On route we caught four fish. Another barracuda that bit the line and took the lure, a yellow fin tuna, which was very tasty, a marlin, which jumped off the hook and finally something huge, which took all our line. So fish was now off the menu. The boat has had a bad time; the mainsail in mast furling mechanism broke again, tearing the sail. The generator water pump impellor broke, causing the generator to get too hot and melting the exhaust manifold. As we were anchoring, the marina being small and full, the throttle cable broke. So it's the usual story, mending the boat in yet another exotic place.

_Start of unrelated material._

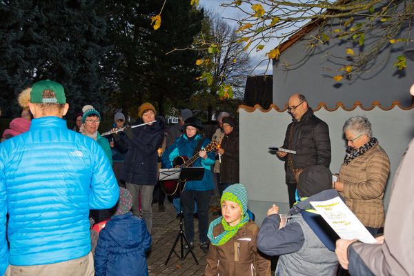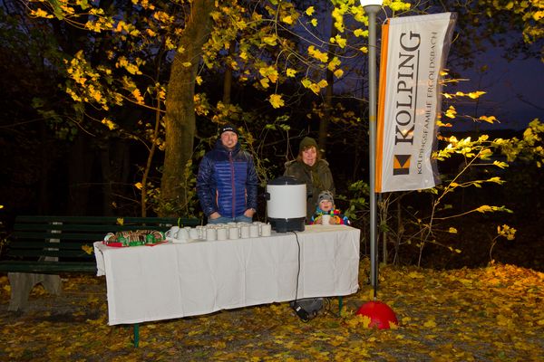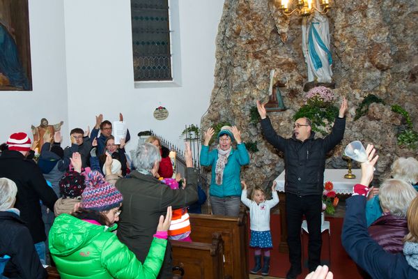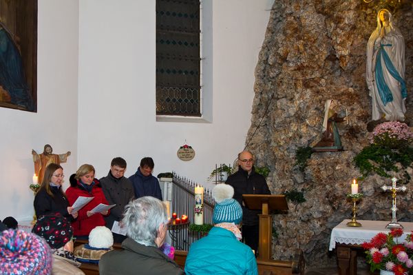 Anschließend begann der Wortgottesdienst in der Lourdeskapelle mit dem Lied "Kleines Senfkorn Hoffnung". Es folgten die Fürbitten und die Lesung aus dem Brief an die Römer. Nach dem Lied "Laudate omnes gentes" trug Diakon Falter seine Gedanken zum Thema "Hoffnung" vor. Nach einem gemeinsamen "Vater unser" und dem Schlusssegen wurde noch zu Ehren der Mutter Gottes "Milde Königin gedenke" gesungen. Wie im letzten Jahr wurde im Anschluss nicht wieder gemeinsam herunter gegangen, sondern die Teilnehmer waren von den Kolpingfreunden zu Punsch und Lebkuchen an der Bergkapelle eingeladen.

The anchorage here at Benoa is small crowded and shallow, with many sunken objects and wrecks to negotiate. Luckily friends we met in Darwin, Holger and Gloria are now here and introduced us to a local man who showed us where it was safe. We decided to check in ourselves rather than pay the marina to do it. It wasn't difficult, just required a bit of legwork. We were required to visit the port captain, immigration, quarantine, customs and the navy, in that order. Despite the boat problems, we are having a good time socially. Holgar and Gloria introduced us to their friends, Peter and Yuli who have lived here on a boat for ten years. Yuli is Indonesian and has taken us to noodle shops, where the locals eat. The food is Indonesian, very cheap and tasty.
We hired a taxi plus driver and did a bit of sightseeing, visiting Pura Besakih temple and lake Batur. Balinese people are Hindu and this is Bali's most important temple, housing over 80 shrines to the various gods and spirits. Both men and women are required to wear a sarong and William also wore a Balinese hat. All this could be bought or hired on site of course. Lake Batur is Bali's largest lake and lies in the crater of mount. Batur. The scenery is great, the downside is that tourists are continually pestered by people selling things, who refuse to take no for an answer. Driving is crazy, with cars, taxis, lorries and a vast number of motorcycles, weaving in and out and darting into every available space. I was amazed there weren't accidents but apparently there are very few, as everyone knows what they are doing and what to expect. Motorcycles are the favorite form of transport and you see whole families, mum, dad and two children on one bike. They transport everything, probably including the kitchen sink about on them The money confuses me; the exchange rate is about 15,000 rupees to the pound. Everyone is a multi millionaire, we withdrew 3 million the other day and people come out of the bank with a carrier bag full.